(THE DATA begins)

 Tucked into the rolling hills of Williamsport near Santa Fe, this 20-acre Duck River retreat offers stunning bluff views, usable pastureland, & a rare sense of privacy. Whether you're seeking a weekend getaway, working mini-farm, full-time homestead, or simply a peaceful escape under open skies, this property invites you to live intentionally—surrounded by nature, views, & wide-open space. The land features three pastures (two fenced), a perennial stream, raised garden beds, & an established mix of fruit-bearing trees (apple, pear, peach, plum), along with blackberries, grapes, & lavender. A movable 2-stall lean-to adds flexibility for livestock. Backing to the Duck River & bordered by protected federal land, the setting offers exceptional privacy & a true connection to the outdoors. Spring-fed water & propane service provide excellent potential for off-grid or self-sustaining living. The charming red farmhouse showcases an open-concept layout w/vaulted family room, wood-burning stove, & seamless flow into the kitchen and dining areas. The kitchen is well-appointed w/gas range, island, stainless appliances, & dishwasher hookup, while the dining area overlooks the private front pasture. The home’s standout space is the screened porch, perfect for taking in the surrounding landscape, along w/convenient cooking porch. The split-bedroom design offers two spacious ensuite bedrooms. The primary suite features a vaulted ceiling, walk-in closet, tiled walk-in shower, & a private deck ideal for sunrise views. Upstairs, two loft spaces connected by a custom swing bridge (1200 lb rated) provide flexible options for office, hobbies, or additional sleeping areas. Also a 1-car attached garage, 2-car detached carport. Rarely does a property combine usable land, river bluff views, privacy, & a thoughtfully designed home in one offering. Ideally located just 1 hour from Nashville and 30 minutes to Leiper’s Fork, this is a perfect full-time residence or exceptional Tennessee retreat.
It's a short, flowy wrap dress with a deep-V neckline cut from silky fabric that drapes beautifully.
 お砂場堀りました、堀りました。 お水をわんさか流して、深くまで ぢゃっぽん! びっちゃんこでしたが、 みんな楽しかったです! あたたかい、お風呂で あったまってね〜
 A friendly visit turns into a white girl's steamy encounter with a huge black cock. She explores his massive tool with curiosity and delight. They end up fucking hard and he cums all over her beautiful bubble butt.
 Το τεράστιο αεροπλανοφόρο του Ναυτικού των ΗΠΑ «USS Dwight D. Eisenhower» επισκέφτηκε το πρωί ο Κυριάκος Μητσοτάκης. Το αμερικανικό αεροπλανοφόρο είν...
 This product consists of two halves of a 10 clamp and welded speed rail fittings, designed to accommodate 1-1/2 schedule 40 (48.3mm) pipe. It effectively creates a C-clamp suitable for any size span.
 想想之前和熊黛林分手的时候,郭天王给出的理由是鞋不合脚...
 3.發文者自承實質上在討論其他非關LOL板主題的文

(THE DATA ends)
(THE DATA begins)

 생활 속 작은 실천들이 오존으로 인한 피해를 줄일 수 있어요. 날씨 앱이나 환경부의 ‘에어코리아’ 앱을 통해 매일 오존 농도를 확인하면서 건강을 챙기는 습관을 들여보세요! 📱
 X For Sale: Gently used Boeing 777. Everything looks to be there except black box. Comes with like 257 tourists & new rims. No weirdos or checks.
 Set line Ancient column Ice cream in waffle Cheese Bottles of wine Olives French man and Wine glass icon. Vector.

(THE DATA ends)
(THE DATA begins)

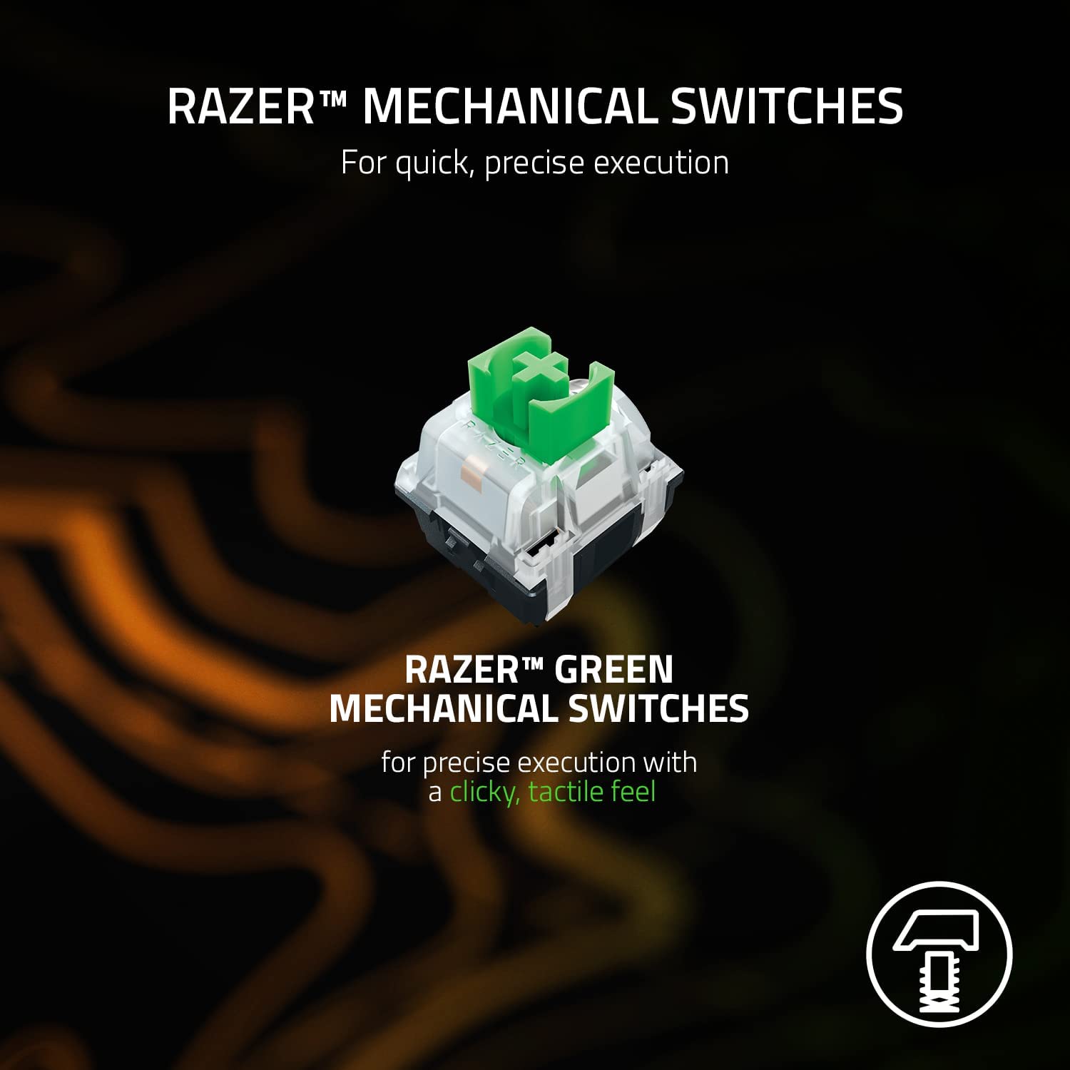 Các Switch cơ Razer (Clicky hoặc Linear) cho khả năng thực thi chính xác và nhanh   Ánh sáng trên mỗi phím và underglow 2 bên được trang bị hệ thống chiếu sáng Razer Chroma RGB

(THE DATA ends)

Only the lines above starting with the one with "생활 속 작은 실천들이" and going through the one with "Set line Ancient" are to be copied, word for word and with both ends kept.

◆ SOLUTION FOR THIS PROBLEM:
 생활 속 작은 실천들이 오존으로 인한 피해를 줄일 수 있어요. 날씨 앱이나 환경부의 ‘에어코리아’ 앱을 통해 매일 오존 농도를 확인하면서 건강을 챙기는 습관을 들여보세요! 📱
 X For Sale: Gently used Boeing 777. Everything looks to be there except black box. Comes with like 257 tourists & new rims. No weirdos or checks.
 Set line Ancient column Ice cream in waffle Cheese Bottles of wine Olives French man and Wine glass icon. Vector.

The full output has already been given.